# Should you move to Mexico?



## surfrider (Oct 4, 2011)

We left California. We lived in Mexico for only three years. San Cristrobal, Patzcuaro, San Antonio in the lakeside area, and Bucerias. Moved out of Mexico to get my son into the social system and a group home in Arizona. We are there now outside of Phoenix. 

Here is my thoughts for anyone thinking of moving to Mexico. These are just my personal thoughts and I am not indicating that this holds true for everyone. 

DO it. Mexico is a beautiful country and see as much of it as you can. If you do not want to drive it use the bus system it is very good. Stay as long as you can for you will never experience such a feeling of personal discovery and wonder about yourself in the states as you will in Mexico...AT least from my personal experience.

Mexico is vibrant with sounds - color - texture and expression. The people that you will met, well that is up to you in how you met them. I found wonderful friends there and I also found some not so wonderful people there. 

Would I purchase a home there again, I am not sure about that but I do not think so. I would go with as little as possible and the rentals are furnished, buy your clothing there for the place your in and be without concerns over ÿour¨things. 

Whatever you personally decide about your things, purchasing or renting are just little concerns compared to the experience of seeing Mexico. The decision to go is I think something that should be on your must do list. Treat yourself to Mexico's wonder. lane:


----------



## RVGRINGO (May 16, 2007)

We took an 1800 mile bus tour of Mexico in 2000 and drove down in our own car in 2001. That did it! We bought a home and another in 2004, staying for 13 years. Old age, infirmity and the inability to enjoy travel any more have forced us to return to the land of Medicare and VA hospitals.
Do it while you can....don‘t procrastinate.


----------



## TundraGreen (Jul 15, 2010)

surfrider said:


> We left California. We lived in Mexico for only three years. San Cristrobal, Patzcuaro, San Antonio in the lakeside area, and Bucerias. Moved out of Mexico to get my son into the social system and a group home in Arizona. We are there now outside of Phoenix.
> 
> Here is my thoughts for anyone thinking of moving to Mexico. These are just my personal thoughts and I am not indicating that this holds true for everyone.
> 
> ...


Time goes by really quickly. I remember when you first came to Mexico. It doesn't seem that long ago.


----------



## surfrider (Oct 4, 2011)

TundraGreen said:


> Time goes by really quickly. I remember when you first came to Mexico. It doesn't seem that long ago.

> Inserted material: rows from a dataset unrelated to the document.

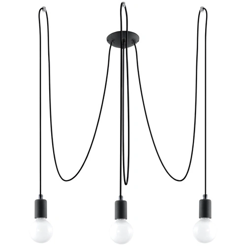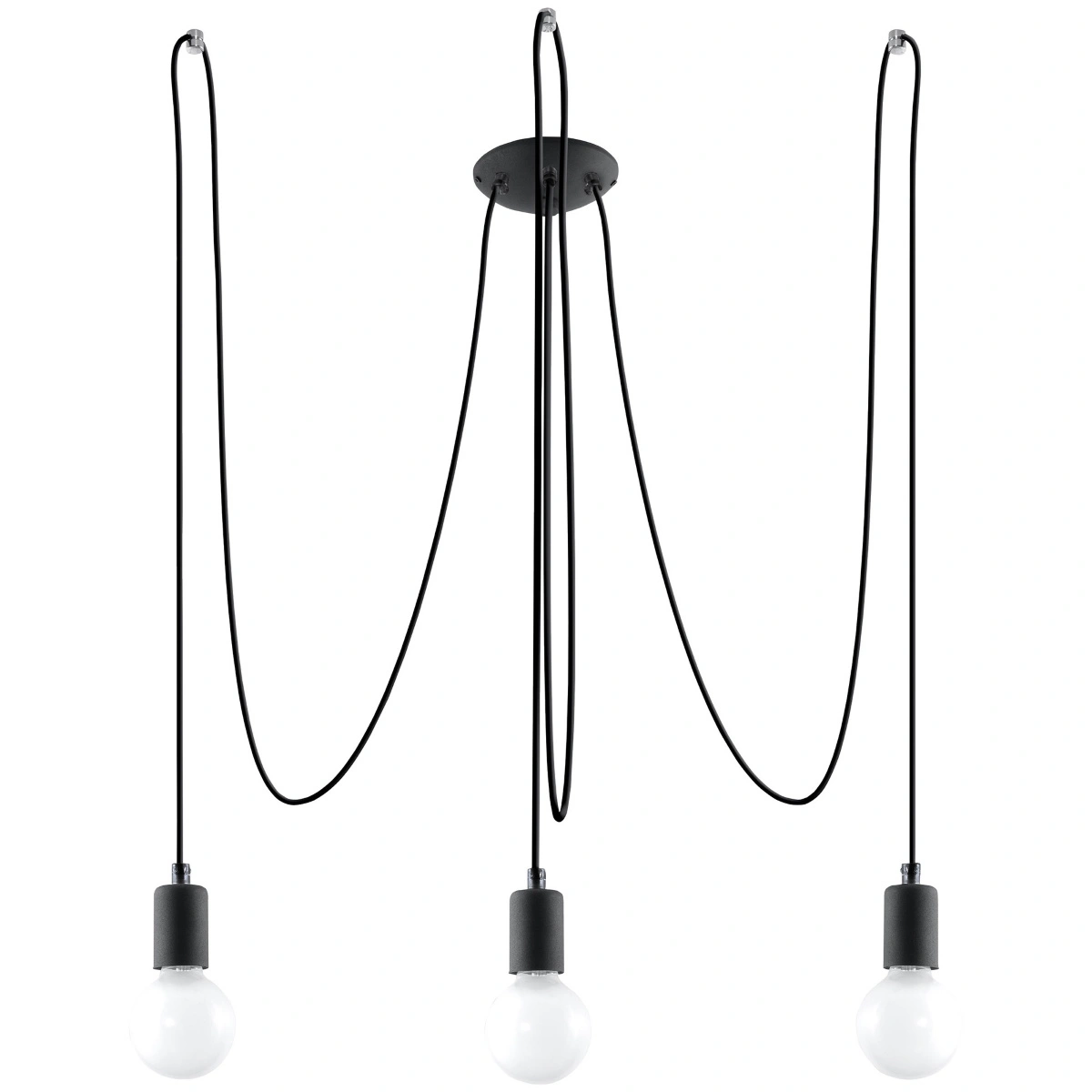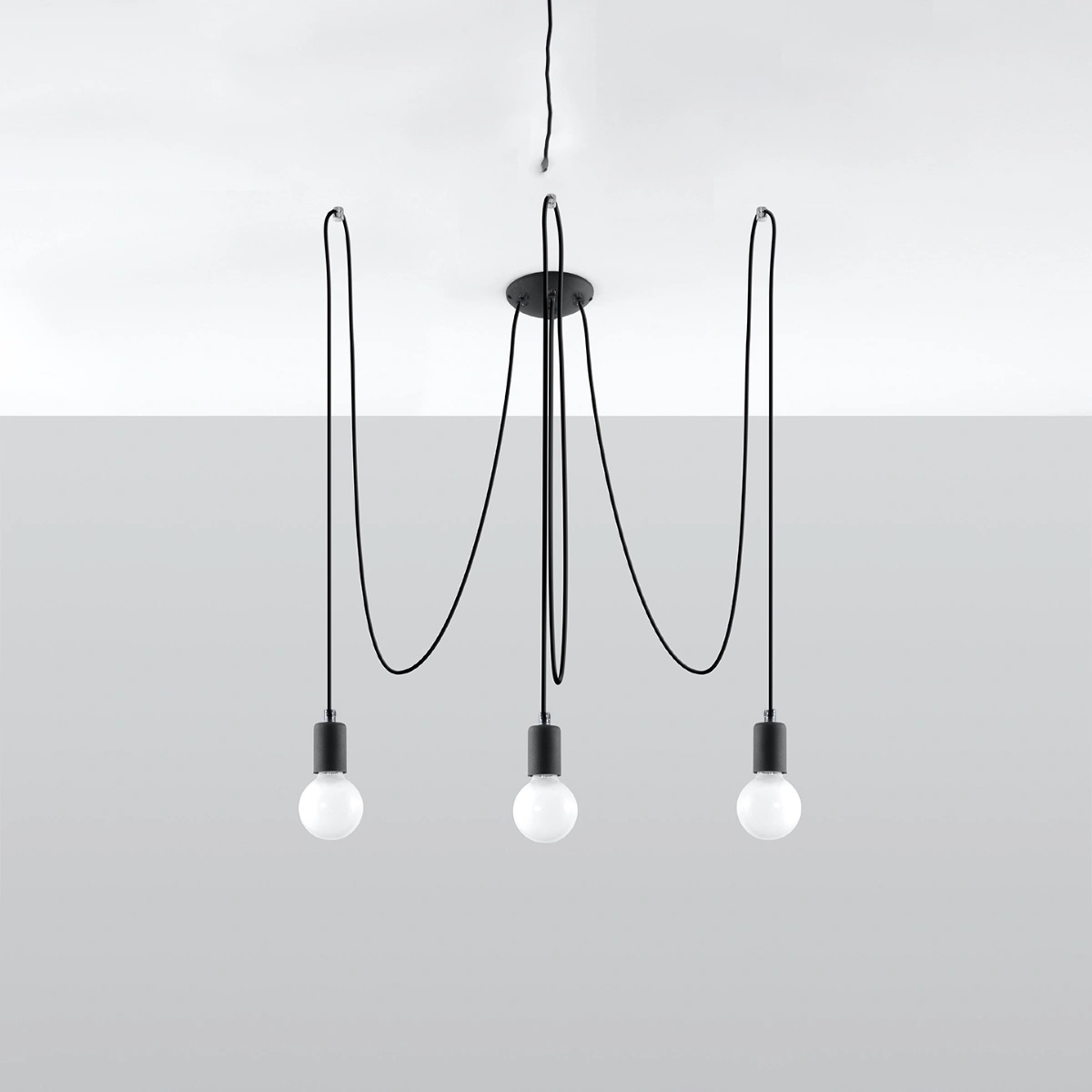Żyrandol EDISON 3 marki SOLLUX LIGHTING to nowoczesna lampa sufitowa o industrialnym charakterze, która harmonijnie łączy stal i tkaninę w czarnym, matowym wykończeniu. Trzypunktowa konstrukcja o imponującej wysokości 150 cm zapewnia efektowne oświetlenie, doskonale sprawdzając się jako lampa wisząca do salonu, jadalni lub sypialni. Model EDISON 3 to propozycja dla osób, które szukają funkcjonalnego żyrandola loftowego z możliwością indywidualnej aranżacji każdego z ramion.
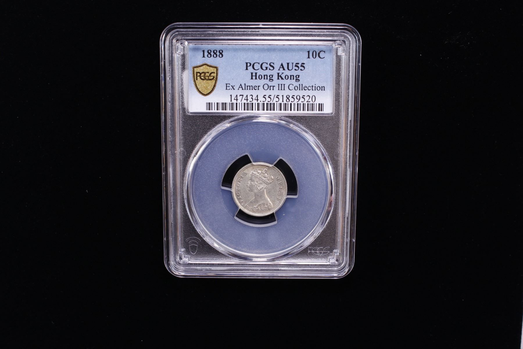HONG KONG: Victoria, 1841-1901, AR 10 cents, 1888, KM-6, PCGS graded AU55, ex Almer H. Orr III Collection.
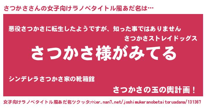 | 意味不明あだ名 | 『とにかく怪しいさつかさ』 |
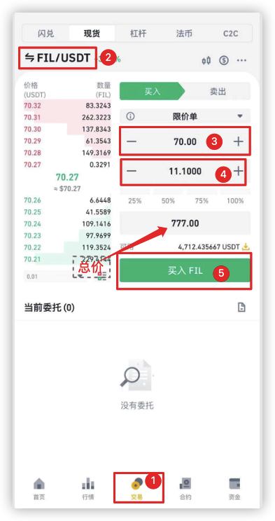 划转成功后,接下来就可以购买FIL币了。操作步骤是:点击下方的“交易”图标,选择“FIL/USDT”交易对,输入购买价格和数量,点击“买入FIL”委托下单:
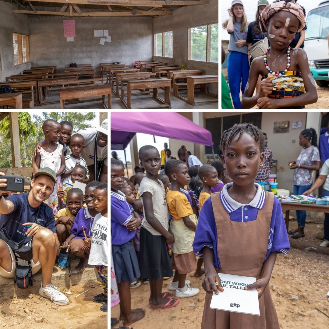 Spoiler alert!! Er kunnen mogelijk wat traantjes vloeien. Dat is bij velen van ons na deze bijzondere dag zeker gebeurd. We begonnen de dag vroeg. Met nog kleine oogjes zaten we om acht uur met z’n allen in de bus onderweg naar Cape Coast, waar we twee basisscholen zouden bezoeken. Wat mij opviel tijdens de vier uur lange rit, was dat er overal wat te zien is als je naar buiten kijkt. Je bent gewoon nooit uitgekeken, omdat het elke keer weer een verrassing is wat je gaat zien. Na heel wat hobbelige weggetjes kwamen we aan bij de eerste basisschool. Door middel van een dans en muziek werden we welkom geheten. Vervolgens gingen een aantal leerlingen om de beurt een soort gedichtje aan ons voordragen. Dit was zo bijzonder dat de meeste van ons een brok in hun keel hadden en sommige van ons, waaronder ik, lieten zelfs een traantje. Daarna hebben we nog samen gedanst en toen was het helaas alweer tijd om te gaan.
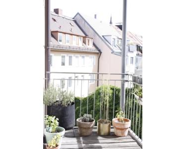- großer Balkon (5,6 qm): mit Wasseranschluss und Blick in den grünen Innenhof, Sonne von morgens bis nachmittags (Ost-Süd)
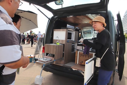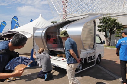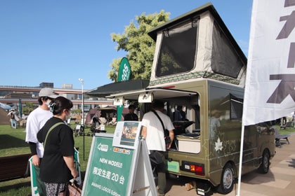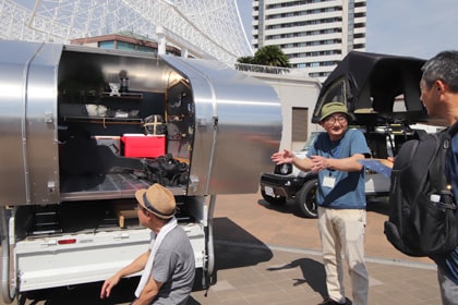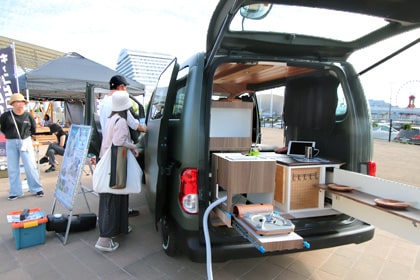 最大の特徴は、簡単な工具一つで軽トラックへの積み込み、積み降ろしができること。他にも、曲線を多用したデザイン性あふれるフォルム、全面開放する天井パネルなど、今までのキャンピングカーにはなかった魅力満載の商品です。

For me, living in Mexico was like living in a bubble of time. When your in the bubble the pace is slow and relaxed. When you leave the bubble, reality comes back and you realize that this time bubble you were in was three - 10 years but it sure did not feel like that much time went by when you were there. I was explaining to someone here in the states that when you go somewhere or do something in Mexico there is not anything else demanding that you leave or cut your experience short. You learn to live in the moment and stay in that moment until it is over and then you go to the next.


----------



## wwmmd (Feb 8, 2015)

I moved to Puerto Vallarta in 07 and love it - I would recommend moving to Mexico if you're looking for something with a slower pace than the rat-race, great food, an interesting history and architecture, and warm, friendly people.


----------



## Isla Verde (Oct 19, 2011)

wwmmd said:


> I moved to Puerto Vallarta in 07 and love it - I would recommend moving to Mexico if you're looking for something with a slower pace than the rat-race, great food, an interesting history and architecture, and warm, friendly people.

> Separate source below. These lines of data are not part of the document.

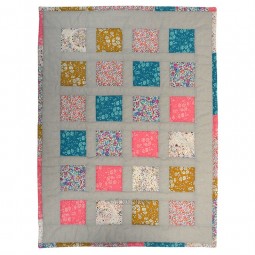 Fabriquez vous même votre plaid esprit patchwork avec de délicats assortiments de tissus de la marque Liberty. Une couverture en coton tissu percale uni incrusté de carrés de motifs et entouré de biais à réaliser dans les restes de tissus Liberty.
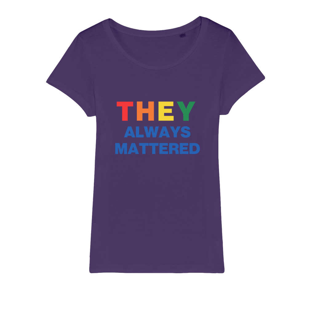 They Always Mattered Organic Women's T-Shirt, a super soft, sustainable garment made from 100% cotton. Get your “They Always Mattered” t-shirt now from Intersectional UK. Intersectional UK is a safe space for everyone to express their identity without judgment. And tell them…Someone’s identity matters, so their pronouns matter.
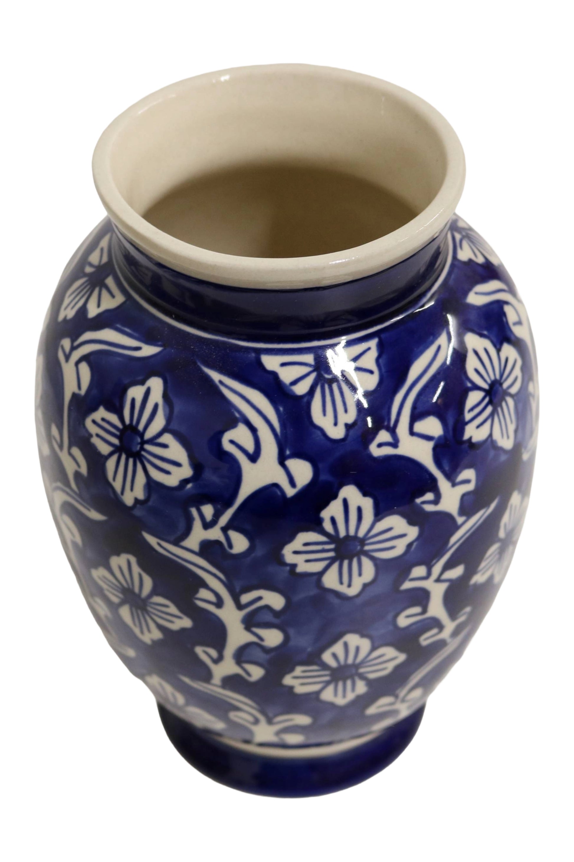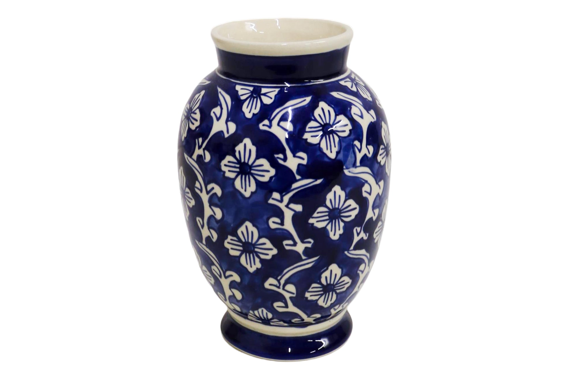 Bring timeless elegance into your home with the Home&Manor Classic Ceramic Vase! Meticulously hand-painted by skilled artisans, this vase showcases a traditional rounded silhouette, beautifully adorned with a white floral motif over a bold dark blue backdrop. The rich detailing and high-quality ceramic finish make it a striking statement piece, whether displayed on its own or filled with fresh or dried arrangements. With its classic form and artisanal charm, this vase seamlessly complements both traditional and modern interiors, making it a perfect addition to any home décor.
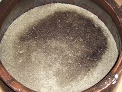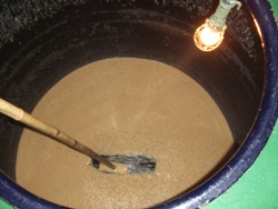昨日の続きで午後からは阿久根駅前の鹿児島酒造さんへ所長の牛之浜さんがすぐに出てこられ事務所へと案内してくれました。残念ながら総杜氏である黒瀬安光氏が急用でお休みでしたがしっかりと造りの最中の蔵内を説明しながら案内して頂き試飲もほとんどの銘柄をしました。その中にはあの素晴らしい「黒瀬安光」や「金次郎」も!!さすがに当店の自慢焼酎「ひとりごと」はありませんでした。 当然のことですよね。飲みたい方は尾池酒店でってことです。試飲では麦から芋といろいろなタイプがあり麹菌によっての味の違いや熟成による味など大変勉強になりました。黒瀬安光総杜氏の光る技は確実に現在の杜氏である弓場裕氏に受け継がれています。改めて黒瀬安光氏の素晴らしさに感動しました。出来上がったもろみは蒸留機へと運ばれていきます。まさに蒸留する前のもろみ 焼き芋焼酎を造る時は仕込みの芋を焼き芋にします。焼き芋を造る焼き機です。下段に芋を入れ24時間かけてゆっくりと焼くそうです。事務所に飾られていたので「はい、パチリ!!」とても光っておりました。芋焼酎の造り手に会い、蔵を見学し感動の一日でした。一緒に行かれたお客様も感動とおいしさの発見で楽しかったようです。またお伺いする約束をして阿久根を後にしました。
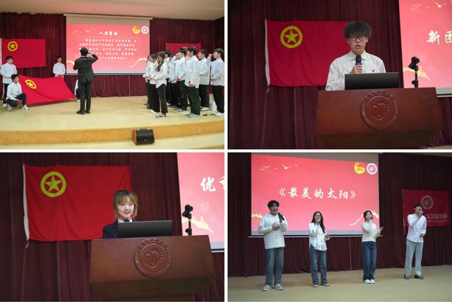 新团员代表陈卓在发言中,真切表达了加入团组织的激动心情与践行团员使命的坚定决心。优秀团员代表吴奕菲分享了在团组织中学习、成长、奉献的收获与感悟,展现了老团员的责任与风采,并对新团员寄予殷切期望。4位校园十佳歌手倾情演唱《最美的太阳》,展现青春风采。全体齐唱团歌《光荣啊,中国共青团》,激昂的歌声为活动画上圆满句号。
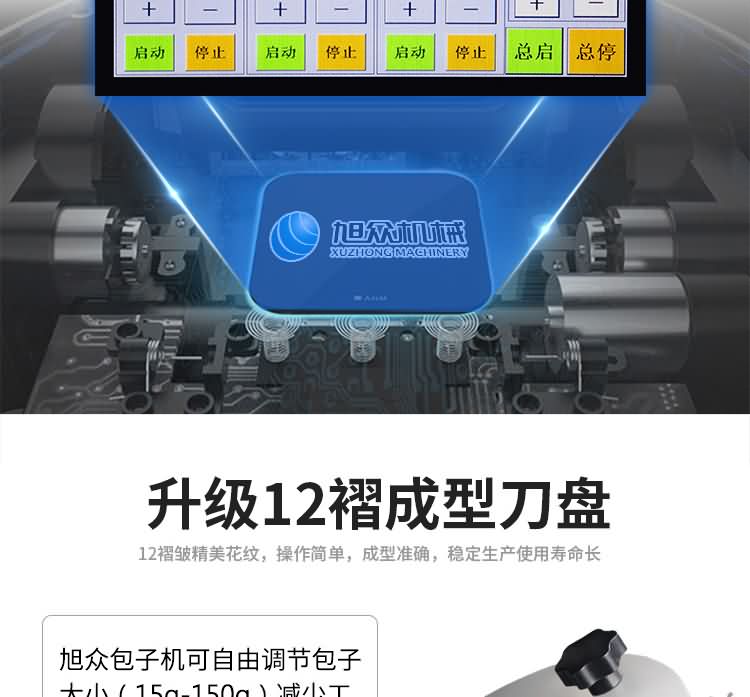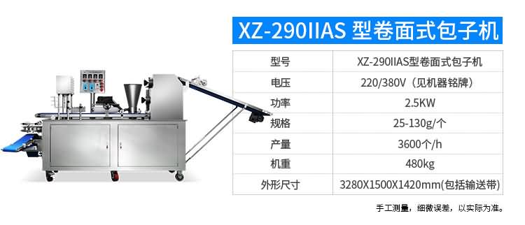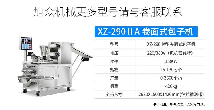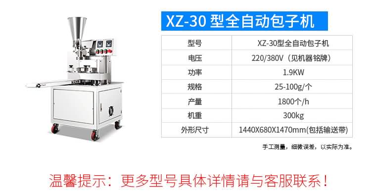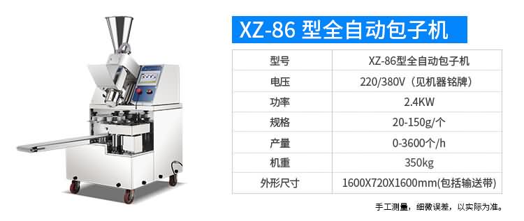XZ-87型全自動包子機體積小重量輕,不銹鋼的外殼及食品接觸面,外觀精美,花紋更多,設計先進,生產性能穩定精準,結構簡單,操作方便。可生產各種肉包、肉菜包、菜包、小籠包、湯包、水晶包、圓饅頭、奶黃包、豆沙包、叉燒包、南瓜餅等幾十種包餡制品。

I would add that not all of Mexico is like Puerto Vallarta. If you're looking for a slower-paced place to live, then, Mexico City, for example, is not for you!


----------



## wwmmd (Feb 8, 2015)

That's true about Vallarta. I did recently spend some time in GDL, and its hustle and bustle wasn't as go-go-go as say Toronto or Chicago are.


----------



## citlali (Mar 4, 2013)

It does help not to have a job...


----------



## Chelloveck (Sep 21, 2013)

Isla Verde said:


> If you're looking for a slower-paced place to live, then, Mexico City, for example, is not for you!


If someone isn't in control of the pace of their life, that's because of them, not where they live. Mexico City is energetic and bustling, but I have no problem whatsoever living at my own pace here.

Sometimes, I get a month's worth of work done in three days. Other times, I spend three days doing absolutely nothing. I wouldn't have it any other way, and I can do that anywhere.


----------



## Isla Verde (Oct 19, 2011)

Chelloveck said:


> If someone isn't in control of the pace of their life, that's because of them, not where they live. Mexico City is energetic and bustling, but I have no problem whatsoever living at my own pace here.
> 
> Sometimes, I get a month's worth of work done in three days. Other times, I spend three days doing absolutely nothing. I wouldn't have it any other way, and I can do that anywhere.


How lucky you are to have everything under control like that. No doubt you don't have the kind of job here that requires you to go into the office every day during the city's horrendous rush hour.


----------



## Longford (May 25, 2012)

I think some expats in Mexico try too hard to convince themselves, and others, that they made the right decision. For many, there's constant doubt ... while others never look back. Had I not already invested 45 years familiarizing myself with Mexico I wouldn't be considering it as a place to live once again. For most expats without a prior strong interest in Mexico, I doubt many are interested in living in present-day Mexico.


----------



## TundraGreen (Jul 15, 2010)

Longford said:


> I think some expats in Mexico try too hard to convince themselves, and others, that they made the right decision. For many, there's constant doubt ... while others never look back. Had I not already invested 45 years familiarizing myself with Mexico I wouldn't be considering it as a place to live once again. For most expats without a prior strong interest in Mexico, I doubt many are interested in living in present-day Mexico.


I am not sure I understand your last point. I came here on a two year work assignment. Except for day trips to Tijuana and Mexicali, I had never been to Mexico before that and certainly had no intention of staying. One year into the assignment, I decided I would stay when it ended. I am now in my eighth year here and have never looked back.


----------



## AlanMexicali (Jun 1, 2011)

Longford said:


> I think some expats in Mexico try too hard to convince themselves, and others, that they made the right decision. For many, there's constant doubt ... .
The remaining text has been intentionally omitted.